RSK.IQ Question of the Week 8/3/15

Collecting Appraisal Fee Under TRID Rules Before Application is Completed

Issue/Inquiry

The Bank asks whether it can collect an appraisal fee under the TRID Rules even though the application lacks all six pieces of information.

Response Summary

The Bank can collect an appraisal fee after it has issued a Loan Estimate and obtained the consumer’s consent to the transaction described in the Loan Estimate. It can issue the Loan Estimate before the consumer provides all six pieces of information. For the purpose of determining whether the disclosure of the settlement costs in the Loan Estimate has been made in good faith, however, the TRID Rules presume that the Bank has obtained all six pieces of information. If it has not and the information it lacked before it issued the Loan Estimate causes the settlement costs disclosed in it to be out of tolerance, the Bank will not be allowed to claim this as a changed circumstance justifying the issuance of a revised Loan Estimate. In such a case, the Bank would have to absorb the costs in excess of the allowed tolerance. This is a risk the Bank should be aware of before it decides to issue a Loan Estimate before it has all six pieces of information.

Response Detail

Collecting fees from a consumer applying for a mortgage loan is not predicated upon the application being complete, but upon the Bank giving the consumer a Loan Estimate and obtaining the consumer’s consent to the transaction.

Under the Truth-in-Lending RESPA Integrated Disclosure (“TRID”) Rules, neither the Bank nor any other person is allowed to impose a fee on a consumer in connection with the consumer’s application for a mortgage transaction before the consumer has received the Loan Estimate and indicated his or her consent to proceed with the transaction described in that disclosure.
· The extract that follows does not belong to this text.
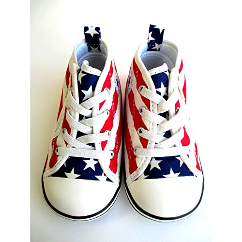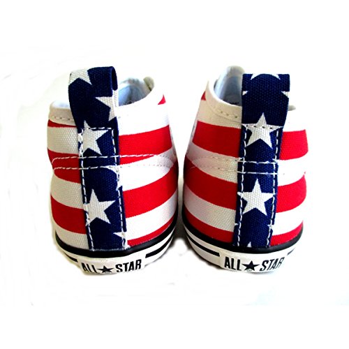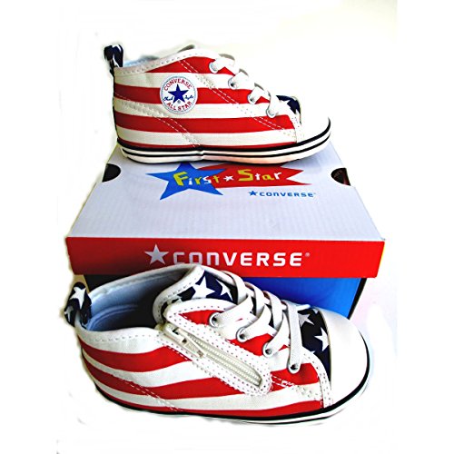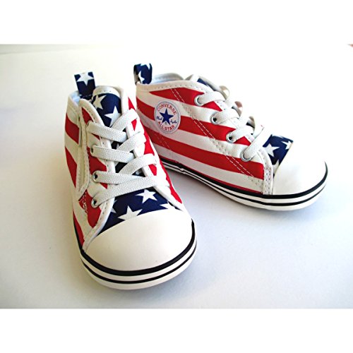 誰もが知るアメリカの象徴的な柄であり、コンバースを代表する柄の一つである 「スターズ&バーズ」をアッパーにプリントしたモデル。ゴアシューレースが 縫付仕様のため解ける心配がなく、つまみやすい広めの踵テープを採用する。 ソールはしなやかなラバーに、踵部分にはボードを内蔵し、足の曲がる位置で しっかり屈曲する設計で、脱ぎ履きしやすいデザインに仕上がっている。 ファミリーペア(アダルト、キッズ、ベビー)モデル。

The Bank is allowed to collect a reasonable and bona fide fee to obtain the consumer’s credit report before providing the Loan Estimate, but this is the only exception to the rule. 12 CFR §1026.19(e)(2).
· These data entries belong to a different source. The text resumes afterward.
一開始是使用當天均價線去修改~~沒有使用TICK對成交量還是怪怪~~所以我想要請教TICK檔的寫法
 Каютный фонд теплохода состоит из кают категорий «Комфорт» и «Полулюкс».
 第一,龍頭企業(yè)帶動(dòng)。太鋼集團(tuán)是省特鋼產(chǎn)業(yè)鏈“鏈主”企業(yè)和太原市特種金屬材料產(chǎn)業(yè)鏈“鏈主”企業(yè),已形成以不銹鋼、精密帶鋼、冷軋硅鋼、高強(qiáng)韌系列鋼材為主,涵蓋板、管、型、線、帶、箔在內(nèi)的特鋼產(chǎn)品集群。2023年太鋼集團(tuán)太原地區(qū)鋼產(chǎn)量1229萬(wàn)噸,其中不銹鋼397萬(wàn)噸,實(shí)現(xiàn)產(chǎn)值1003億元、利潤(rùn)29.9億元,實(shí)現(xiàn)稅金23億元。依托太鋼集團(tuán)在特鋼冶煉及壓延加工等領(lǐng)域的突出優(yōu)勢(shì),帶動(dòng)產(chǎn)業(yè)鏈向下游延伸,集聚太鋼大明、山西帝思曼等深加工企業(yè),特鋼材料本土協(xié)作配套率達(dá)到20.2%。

The Bank is required to provide the Loan Estimate no later than the third business date after receiving the consumer’s application, which consists of:

  • The consumer’s name
  • The consumer’s income
  • The consumer’s social security number to obtain a credit report
  • The property address
  • An estimate of the value of the property
  • The mortgage loan amount sought. 12 CFR §1026.19(e)(1)(iii); 2(a)(3)(ii).

There is no requirement that the Bank must wait until all six pieces of information are provided before providing the Loan Estimate, only that when the six pieces of information are provided, the Loan Estimate must be issued within three business days.
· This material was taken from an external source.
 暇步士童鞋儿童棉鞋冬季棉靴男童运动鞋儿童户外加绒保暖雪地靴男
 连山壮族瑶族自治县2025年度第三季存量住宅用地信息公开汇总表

This means that the Bank could issue a Loan Estimate to the consumer and obtain the consumer’s consent to the transaction described in the Loan Estimate prior to all six pieces of information being provided. It would then be allowed to collect a fee for the appraisal. Official Interpretations, ¶19(e)(3)(iv)(A)-3.

Whether the Bank will want to do this, however, will depend upon the risk of not being able to issue a revised Loan Estimate.

The TRID Rules allow the Bank to issue a revised Loan Estimate when changed circumstances cause the settlement costs to increase beyond the tolerance allowed for a good faith estimate of those charges. For example, if the Bank relied upon the stated income of the consumer or value of the property in providing the Loan Estimate, and this later proved to be inaccurate, the Bank could issue a revised Loan Estimate with a restatement of the settlement costs reflecting the correct information. 12 CFR §1026.19(e)(3)(iv)(A); Official Interpretations, ¶19(e)(3)(iv)(A)-2.

As noted, the Bank is not required to collect all six pieces of information making up an application before issuing the Loan Estimate. For the purposes of determining whether the Loan Estimate is provided in good faith, however, it is presumed that the Bank has, in fact, collected these six pieces of information. This means that if the Bank did not collect some of this information before issuing the Loan Estimate, and subsequently, it discovered that the settlement costs disclosed in the Loan Estimate were out of tolerance because of the information it had not collected, it would not be able to claim this as a changed circumstance justifying a revision of the Loan Estimate.

The official commentary provides the example of a creditor issuing a Loan Estimate prior to receiving the property address from the consumer. This creditor would not be allowed to claim the property address as a changed circumstance when it received such. Official Interpretations, ¶19(e)(3)(iv)(A)-3.

In this case, of course, the Bank would probably have the property address, if it was going to order an appraisal. If it issued the Loan Estimate even though it lacked one or more of the other six pieces of information, however, and this information subsequently resulted in an increase of the settlement costs beyond the allowed tolerance, it would not be able to claim that this information was a changed circumstance or that it was allowed to issue a revised Loan Estimate. This would mean that the Bank would have to absorb any cost which was outside the allowed tolerance.

This entry was posted on Monday, August 3rd, 2015 at 2:00 pm.